Part 1. Power of a Regular Expressions

Rather than just posting the slides, I decided to do a series of blog posts on the subject - consider it as a intro or tutorial to Regular Expressions.

What are Regular Expressions?

Regular Expressions (or RegEx for short) is a technique to shorten coding by using bunch of letters and symbols (metacharacters). Most modern languages support regular expressions. You can use it in code. But where they are really useful is data cleanup, extraction, converting legacy data, grabbing data from the internet, etc. Regular Expressions can be considered as the SQL for freeform text.

RegExs are avoided by most people (even experienced programmers shy away from it), because they either don't understand it, haven't taken the time to learn it -- or they think that it is sediment left over from the Unix era.

At the end of this tutorial you will see that, regular expressions can actually be easier and quicker to code. Once you understand how it works, and some of the tools and techniques, you will see how dramatically it can shorten code, and save you a time with coding and debugging. Also, maintenance can actually be easier!

Here is a terrific example. Today, I was browsing through the prep book for MCTS Exam 70-528, and came across this example for asp.net custom validator control to validate passwords. The password rules are:

  • 6-14 characters,
  • at least one lowercase letter,
  • at least one uppercase letter
  • at least one number

Here is the conventional method. (Code directly copied from the book, pg 469 with misspelled "argument" and all)

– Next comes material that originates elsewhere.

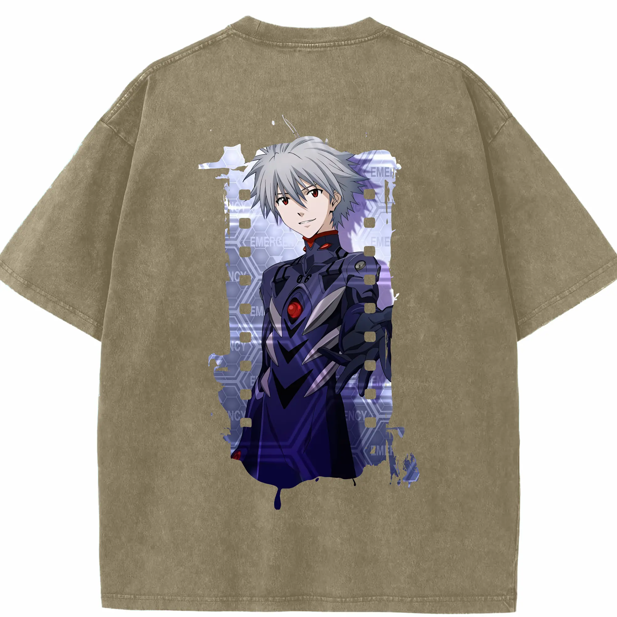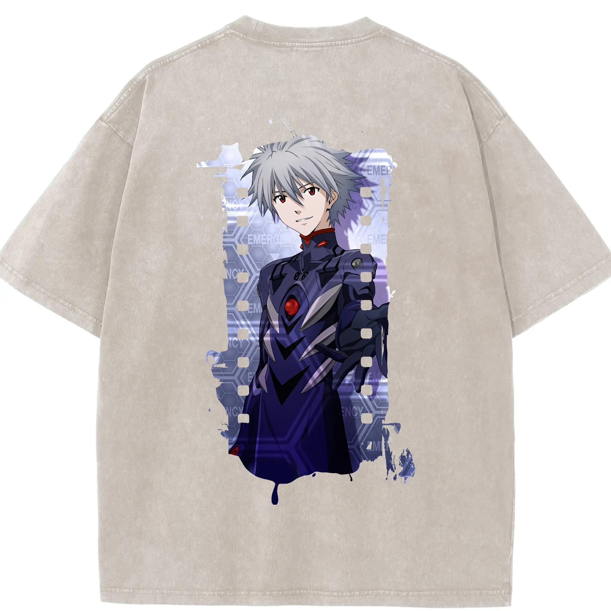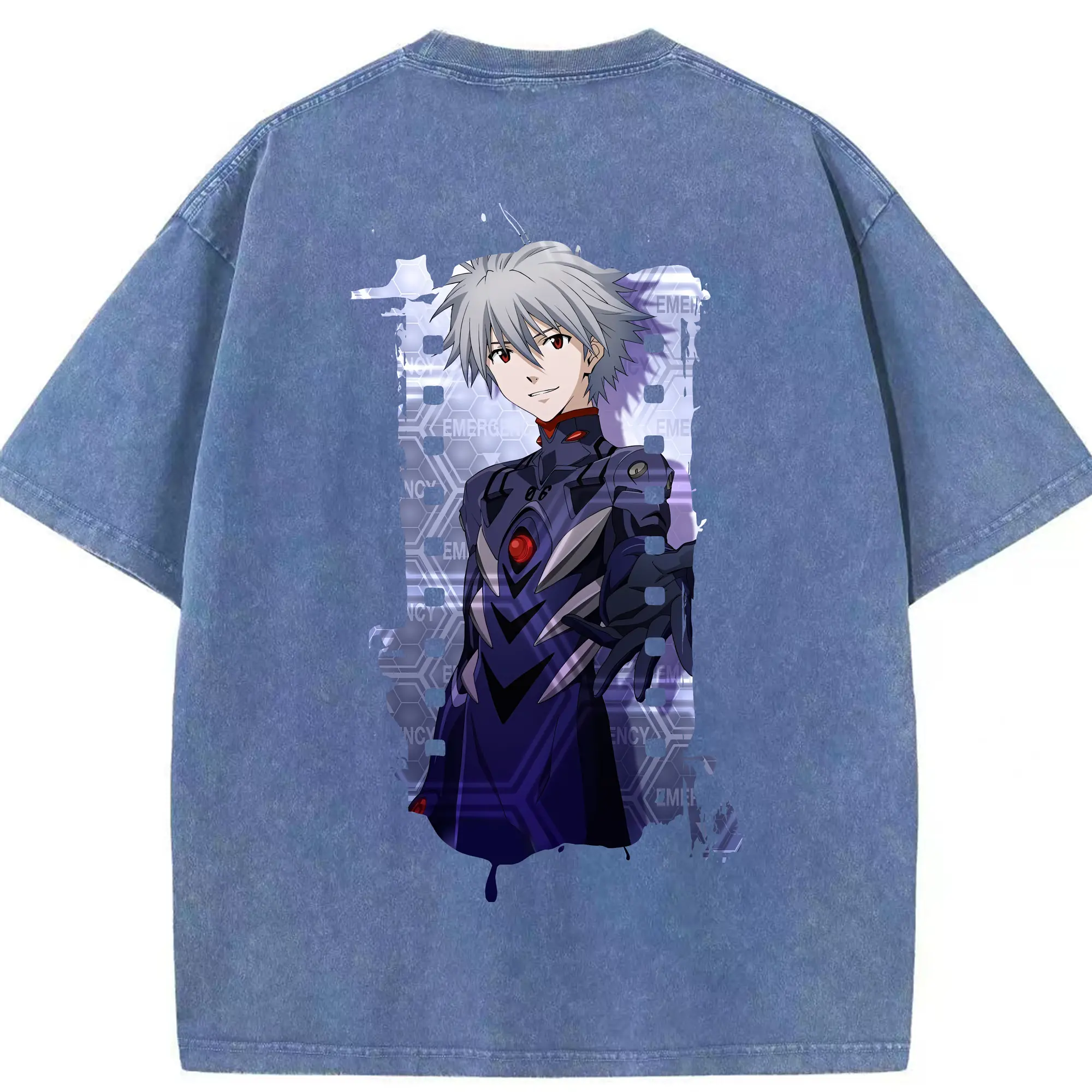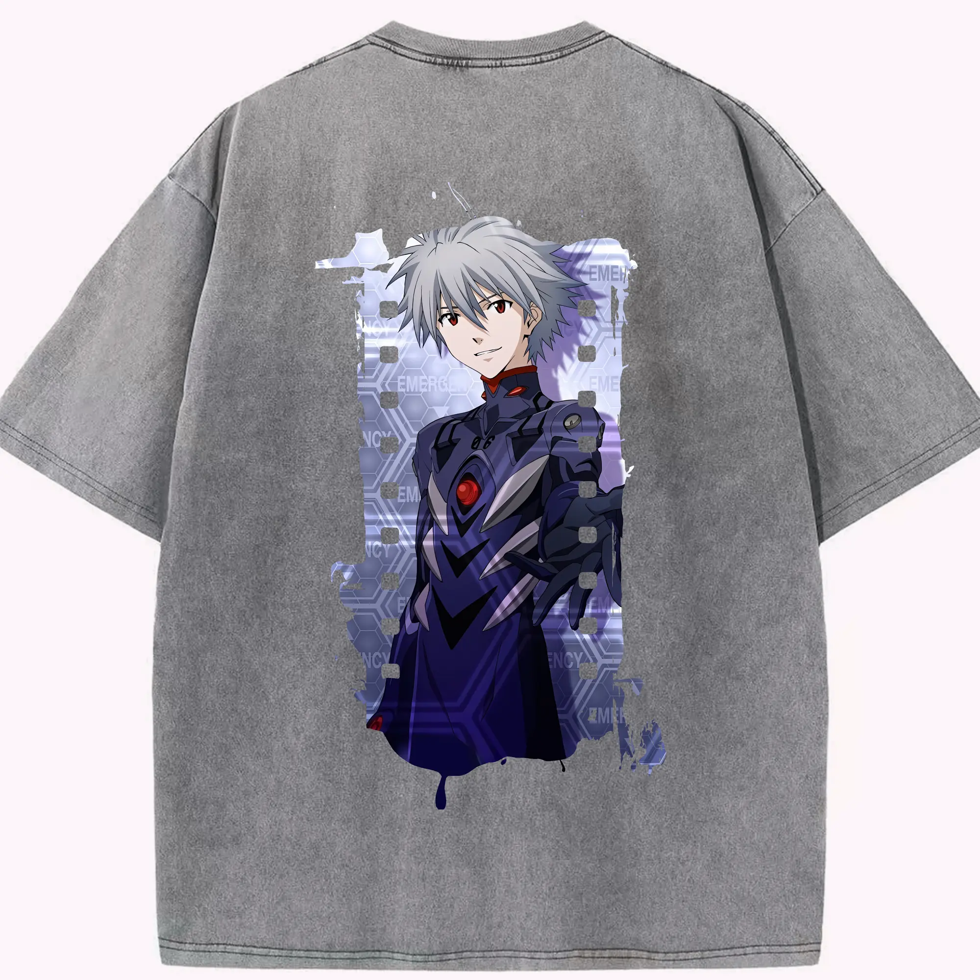 エヴァンゲリオン グッズ,渚カヲル - 綿100% ヴィンテージ風 半袖Tシャツ ・ フロントプリント ・ 柔らか肌触り ・ 通気性 快適 ・ スポーツ カジュアル 外出用

<script language="javascript" type="text/javascript">
function ValidatePassword(source, arguements)
{
var data = arguements.Value.split('');
//start by setting false
arguements.IsValid=false;
//check length
if(data.length < 6 || data.length > 14) return;
//check for uppercase
var uc = false;
for(var c in data)
{
if(data[c] >= 'A' && data[c] <= 'Z')
{
uc=true; break;
}
}
if(!uc) return;
//check for lowercase
var lc = false;
for(var c in data)
{
if(data[c] >= 'a' && data[c] <= 'z')
{
lc=true; break;
}
}
if(!lc) return;
//check for numeric
var num = false;
for(var c in data)
{
if(data[c] >= '0' && data[c] <= '9')
{
num=true; break;
}
}
if(!num) return;
//must be valid
arguements.IsValid=true;
}
</script>

Now, with the use of regular expressions, we can shorten this into just ONE line of code:
<script language="javascript" type="text/javascript">
function ValidatePassword(src, args)
{
args.IsValid =
args.Value.length>=6 && args.Value.length<=14
&& /[a-z]/.test(args.Value) //find a lowercase
&& /[A-Z]/.test(args.Value) //find a uppercase
&& /\d/.test(args.Value) //find a digit
}
</script>

You've got to love the elegance and compactness of this code. I believe it is actually easier to understand and debug - no messy loops and "if" constructs. And it reads exactly like the password rules specification above. Such is the amazing power of regular expressions. Note: "\d" is the character class for identifying a single digit. We could have just as well said "[0-9]".

In my next post we will look at a few more easy examples and examine the metacharacters.

1 comment:

Vijay Jagdale said...

The C# version (for server side validations) is:
args.Value.Length >= 6 && args.Value.Length <= 14
&& new Regex("[a-z]").IsMatch(args.Value)
&& new Regex("[A-Z]").IsMatch(args.Value)
&& new Regex(@"\d").IsMatch(args.Value);